[EXERCISE DATA — start]
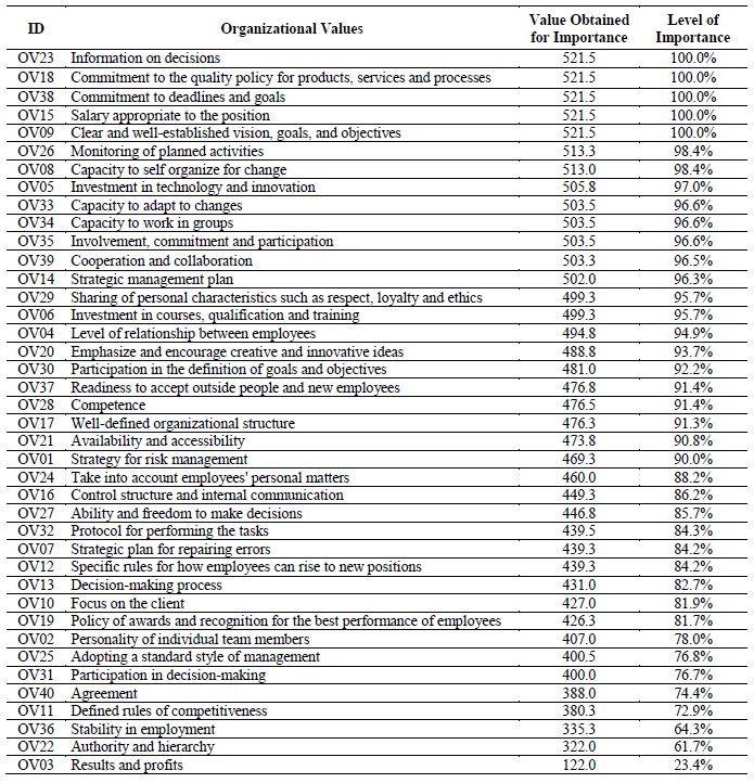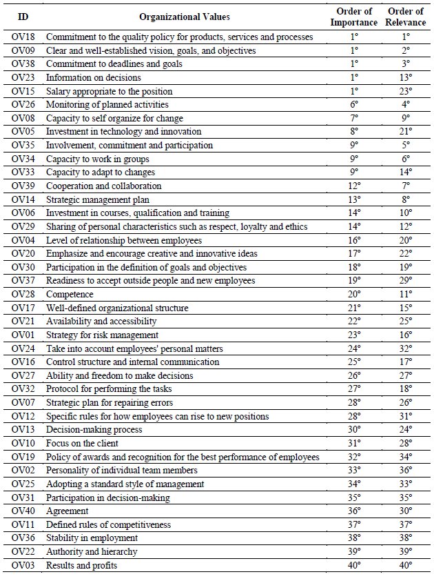 We can observe in the results that the OV obtained different classification considering their importance and relevance analysis. Table 10 provides a comparison between the order of importance x relevance for each organizational value.
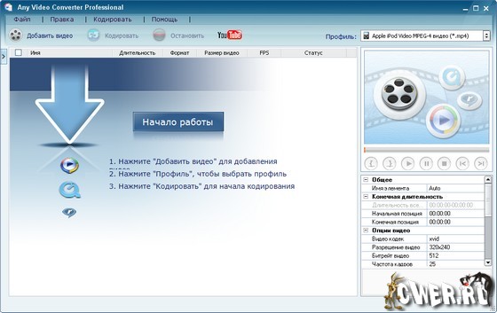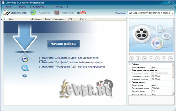 Any Video Converter Pro - это программа с графическим интерфейсом, быстрой скоростью и высоким качеством, позволяющее легко переводить видео в различные форматы. Данное средство позволяет вам без лишних усилий переводить видео файлы в любой формат! Программа может переводить практически все видео средства, включая DivX, XviD, MOV, rm, rmvb, MPEG, VOB, DVD, WMV, AVI в формат MPEG-4 для iPod/PSP или других портативных видео устройств, МР4 плейера или смартфона. Программа обладает невероятно быстрой скоростью и высоким качеством. Any Video Converter позволяет вам получать удовольствие от просмотра любого формата видео на вашем iPod, Zune, PSP, мобильном телефоне или МР4 плейере.
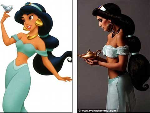 Hiện giờ, nhờ kỹ xảo của nhiếp ảnh gia kiêm họa sĩ nhân vật Disney Ryan Astamendi, người Mỹ, các vẻ đẹp đó đã được đem ra đời thực với những người đẹp bằng xương bằng thịt.
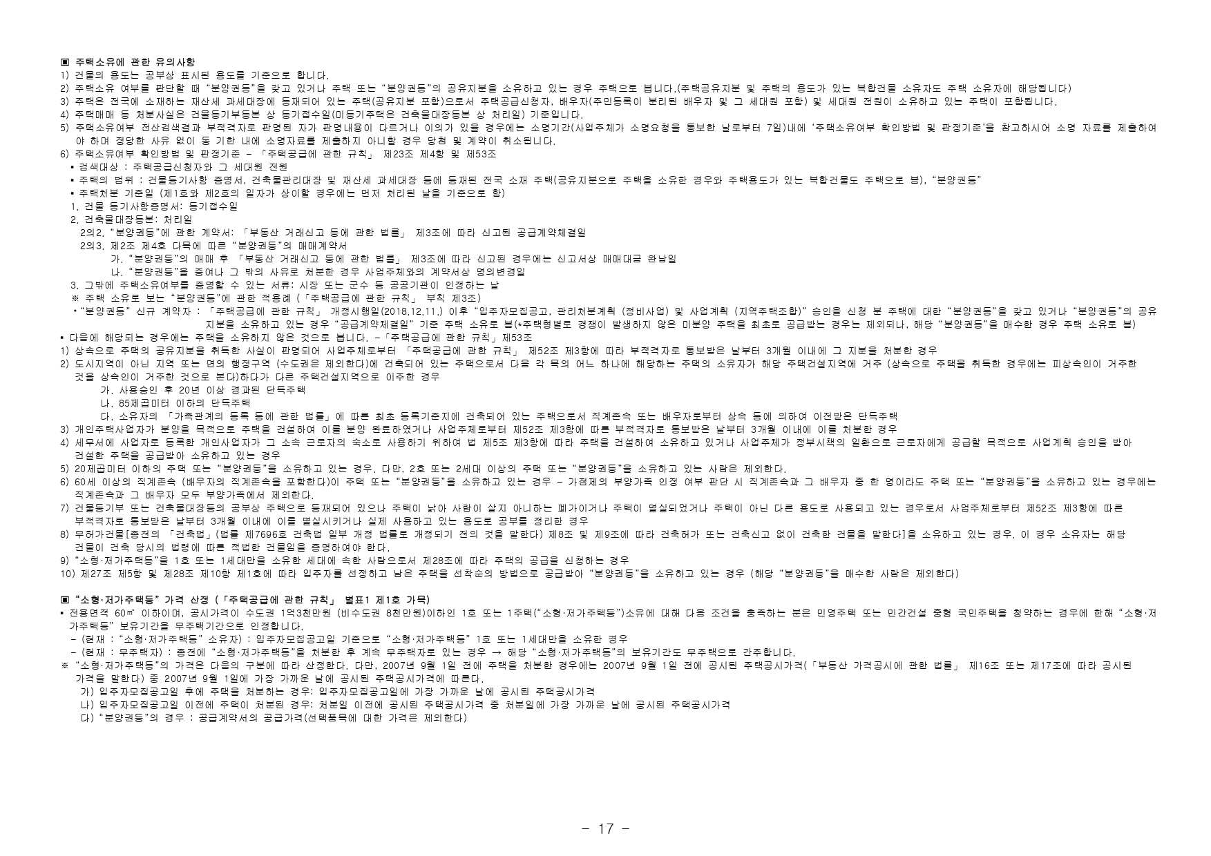 - 관한 규칙」에 따라 1주택 이상 소유한 세대에 속한 분은 1순위 가점제 청약이 불가하며, 2주택 이상 소유한 세대에 속한 분은 1순위 자격에서 제외됩니다.(무주택 세대 또는 1주택을 소유한 세대에 속한 분만 1순위 청약 가능)
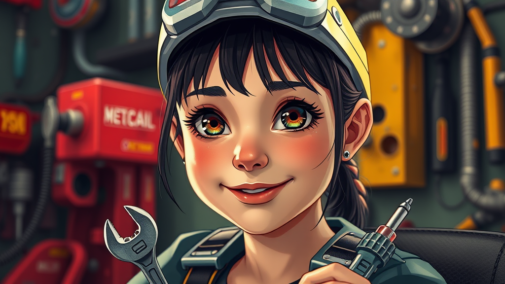 Close up cinematic shot of a young mechanic girl sitting and enjoying her afternoon, featuring a cute and happy face. She exudes energy in a vibrant, ultra-detailed mechanic interior that hints at a dystopian setting. Her expression is innocent with exceptionally detailed eyes, nose, mouth, and lips. The scene showcases a captivating blend of detailed mechanic tools, specifically a wrench and screwdriver, as accessories. Rendered in 2D with a focus on character design and digital illustration, vibrant colors bring the image to life. The environment is stunning, inspired by the essence of works like Ghost in the Shell, and characterized by meticulous attention to detail. The composition transforms a traditionally stark setting into a vibrant masterpiece, while making subtle creative alterations to maintain originality.
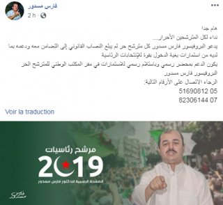 « Le professeur Fares Mesdour appelle tout candidat libre (à la présidentielle) n’ayant pas recueilli suffisamment de parrainage à se solidariser avec lui et le soutenir avec ses formulaires de souscription pour être en force lors des élections », lit-on sur sa page Facebook.
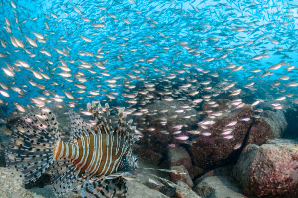 イシモチは狙うハナミノカサゴを絡めて撮影すると、より迫力のあるワイドな写真を撮れちゃいます📸
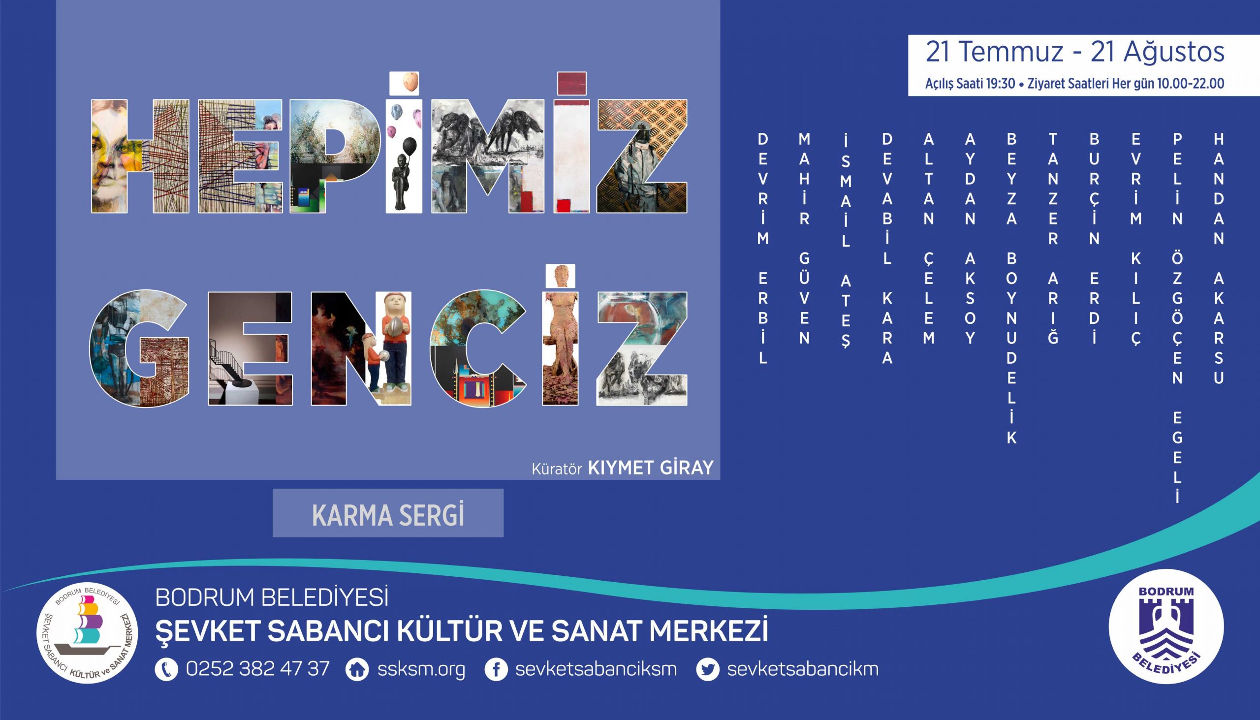 Bodrum Belediyesi Şevket Sabancı Kültür ve Sanat Merkezi, 21 Temmuz Salı günü 12 usta ressamın eserlerinden oluşan “Hepimiz Genciz” adlı karma sergiyle kapılarını sanat tutkunlarına açıyor. Küresel salgınla mücadele döneminde ‘yaş sınırına’ takılan ve yaşamlarının bir bölümünü evlerine kapanarak geçiren 60 yaş ve üzeri resim, heykel ve enstalasyon sanatçıları, uzun bir aradan sonra eserleriyle ilk kez sanatseverlerin karşısına çıkacak. Küratörlüğünü Prof. Dr. Kıymet Giray’ın üstlendiği sergideDevrim Erbil, Mahir Güven, İsmail Ateş, Devabil Kara, Altan Çelem, Aydan Aksoy, Beyza Boynudelik, Tanzer Arığ, Burçin Erdi, Evrim Kılıç, Pelin Özgöçen Egeli ve Handan Akarsu eserleri ile yer alacak.
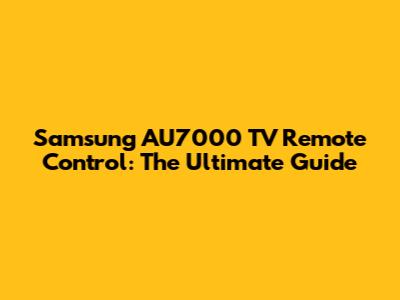 Samsung AU7000 TV Remote Control: The Ultimate Guide
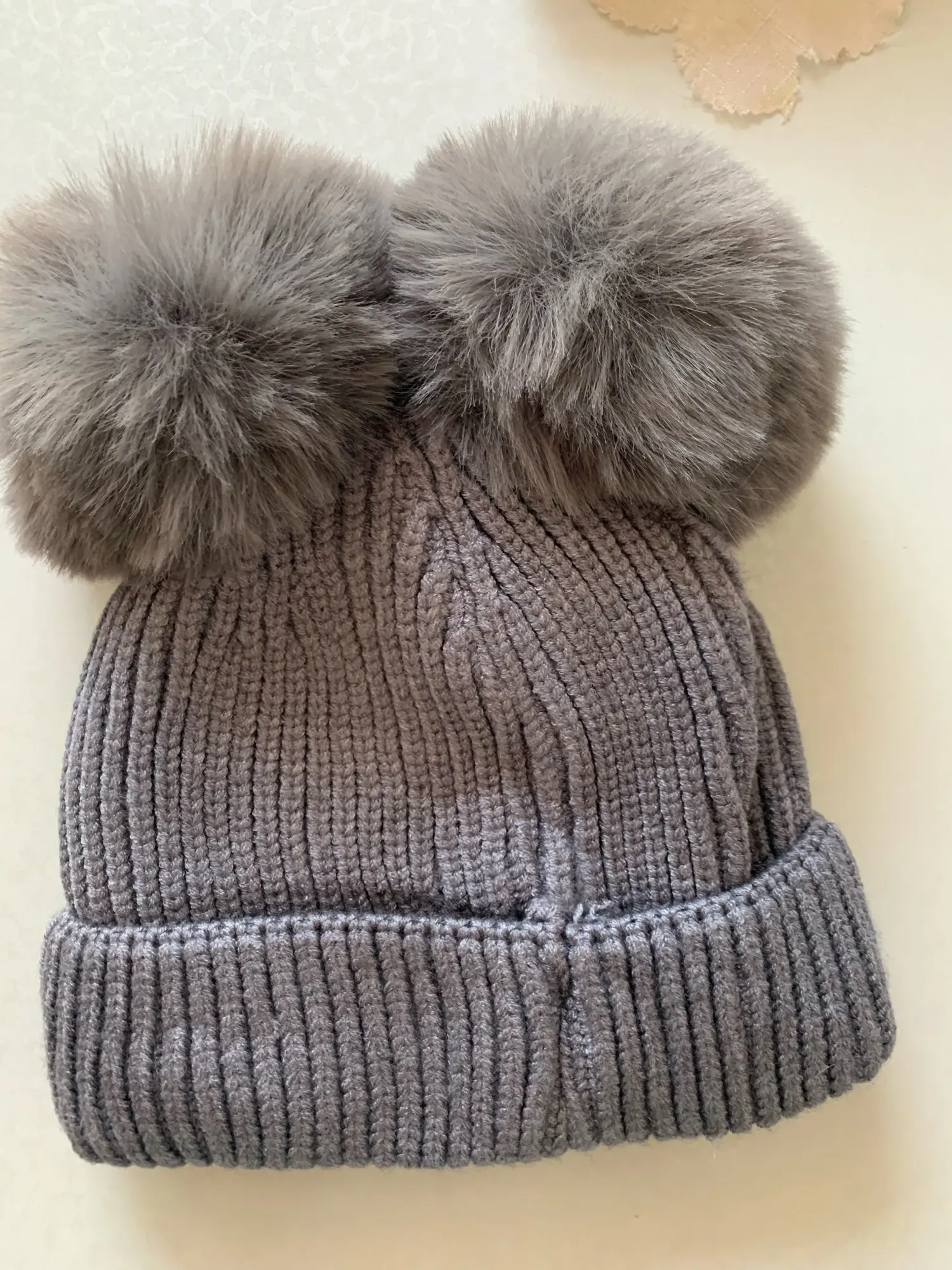 Детская зимняя шапка с двойным помпоном, вязаная шапка для маленьких девочек, теплая плотная детская Младенческая шапочка, шапка для девочек, шляпа-шлем Enfant
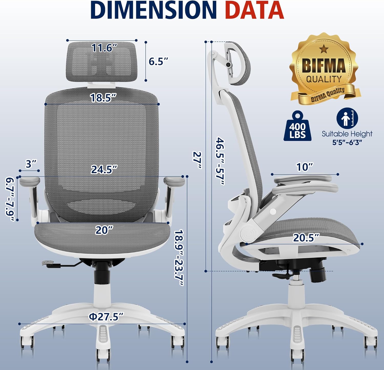 GABRYLLY Ergonomic Office Chair, High Back Home Desk Chair with Headrest, Flip-Up Arms, 90-120° Tilt Lock and Wide Cushion, 400LBS Mesh Chairs for Man Woman, White Task Chair(Dark Grey,GY01WDG)
[EXERCISE DATA — finish]
* _ACTION ITEM_
Please transcribe exactly the line containing "Bodrum Belediyesi Şevket" and every later line through the end of the records above, omitting pictures.

* _SOLUTION TO THE EXERCISE_
 Bodrum Belediyesi Şevket Sabancı Kültür ve Sanat Merkezi, 21 Temmuz Salı günü 12 usta ressamın eserlerinden oluşan “Hepimiz Genciz” adlı karma sergiyle kapılarını sanat tutkunlarına açıyor. Küresel salgınla mücadele döneminde ‘yaş sınırına’ takılan ve yaşamlarının bir bölümünü evlerine kapanarak geçiren 60 yaş ve üzeri resim, heykel ve enstalasyon sanatçıları, uzun bir aradan sonra eserleriyle ilk kez sanatseverlerin karşısına çıkacak. Küratörlüğünü Prof. Dr. Kıymet Giray’ın üstlendiği sergideDevrim Erbil, Mahir Güven, İsmail Ateş, Devabil Kara, Altan Çelem, Aydan Aksoy, Beyza Boynudelik, Tanzer Arığ, Burçin Erdi, Evrim Kılıç, Pelin Özgöçen Egeli ve Handan Akarsu eserleri ile yer alacak.
 Samsung AU7000 TV Remote Control: The Ultimate Guide
 Детская зимняя шапка с двойным помпоном, вязаная шапка для маленьких девочек, теплая плотная детская Младенческая шапочка, шапка для девочек, шляпа-шлем Enfant
 GABRYLLY Ergonomic Office Chair, High Back Home Desk Chair with Headrest, Flip-Up Arms, 90-120° Tilt Lock and Wide Cushion, 400LBS Mesh Chairs for Man Woman, White Task Chair(Dark Grey,GY01WDG)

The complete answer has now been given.